DATA BELOW:
────
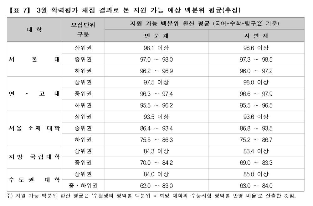 지난해 3월 학평에서는 ▲1등급 7.50%(2만6344명) ▲2등급 6.71%(2만3592명) ▲3등급 9.08%(3만1896명) ▲4등급 11.64%(4만926명) ▲5등급 14.86%(5만2231명) 등으로 5등급 이내가 49.79%를 차지했었다.
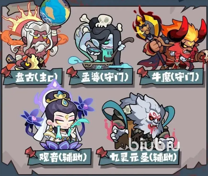 队伍中另两个关键的守门角色是【孟婆】与【牛魔王】,前者稳定回血为盘古持续作战创造条件,后者以击退控制与高抗性守住前线,确保主C有稳定输出环境。辅助方面则建议搭配【九灵元圣】与【观音】,两者分别在控制与增益续航方面提供强力支援。九灵的破甲与晕眩效果能为盘古制造连招输出的空间,而观音的怒气回复与全队治疗能在拉锯战中稳定队伍节奏,特别是她的暴击增益搭配高频物理输出角色格外出色。
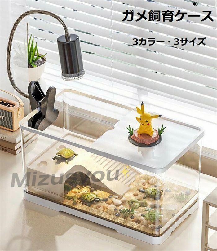 1. [亀 水槽] 大きなサイズで、快適な生活空間を提供:S、M、Lの3サイズ展開で、あなたの亀のサイズに合わせた水槽を選べます。30cm以上のゆったりとした空間で、亀が自由に泳ぎ、休むことができます。
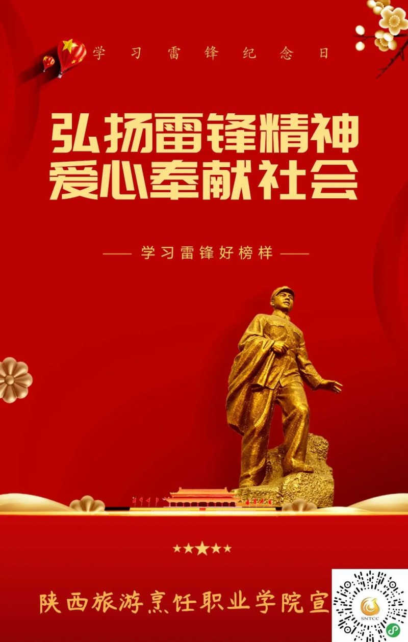 “作为中华民族的传统美德,雷锋精神是每个中国人的实践准则,学雷锋志愿服务活动常抓常受益,真抓真有效。”学院院长王新丽深有感触地说。疫情发生以来,陕旅烹院专程慰问了西安市第八医院等单位的一线抗疫人员,广大师生员工以大义、责任和担当积极抗疫,有的以画为“剑”,为抗疫加油鼓劲,有的以笔为“刀”,颂扬最美逆行者,处处体现出与人民同风雨,同祖国共进步的硬核担当。
────
TASK DIRECTIONS: Pictures aside, reproduce the listing above exactly.

WRITTEN SOLUTION:
 지난해 3월 학평에서는 ▲1등급 7.50%(2만6344명) ▲2등급 6.71%(2만3592명) ▲3등급 9.08%(3만1896명) ▲4등급 11.64%(4만926명) ▲5등급 14.86%(5만2231명) 등으로 5등급 이내가 49.79%를 차지했었다.
 队伍中另两个关键的守门角色是【孟婆】与【牛魔王】,前者稳定回血为盘古持续作战创造条件,后者以击退控制与高抗性守住前线,确保主C有稳定输出环境。辅助方面则建议搭配【九灵元圣】与【观音】,两者分别在控制与增益续航方面提供强力支援。九灵的破甲与晕眩效果能为盘古制造连招输出的空间,而观音的怒气回复与全队治疗能在拉锯战中稳定队伍节奏,特别是她的暴击增益搭配高频物理输出角色格外出色。
 1. [亀 水槽] 大きなサイズで、快適な生活空間を提供:S、M、Lの3サイズ展開で、あなたの亀のサイズに合わせた水槽を選べます。30cm以上のゆったりとした空間で、亀が自由に泳ぎ、休むことができます。
 “作为中华民族的传统美德,雷锋精神是每个中国人的实践准则,学雷锋志愿服务活动常抓常受益,真抓真有效。”学院院长王新丽深有感触地说。疫情发生以来,陕旅烹院专程慰问了西安市第八医院等单位的一线抗疫人员,广大师生员工以大义、责任和担当积极抗疫,有的以画为“剑”,为抗疫加油鼓劲,有的以笔为“刀”,颂扬最美逆行者,处处体现出与人民同风雨,同祖国共进步的硬核担当。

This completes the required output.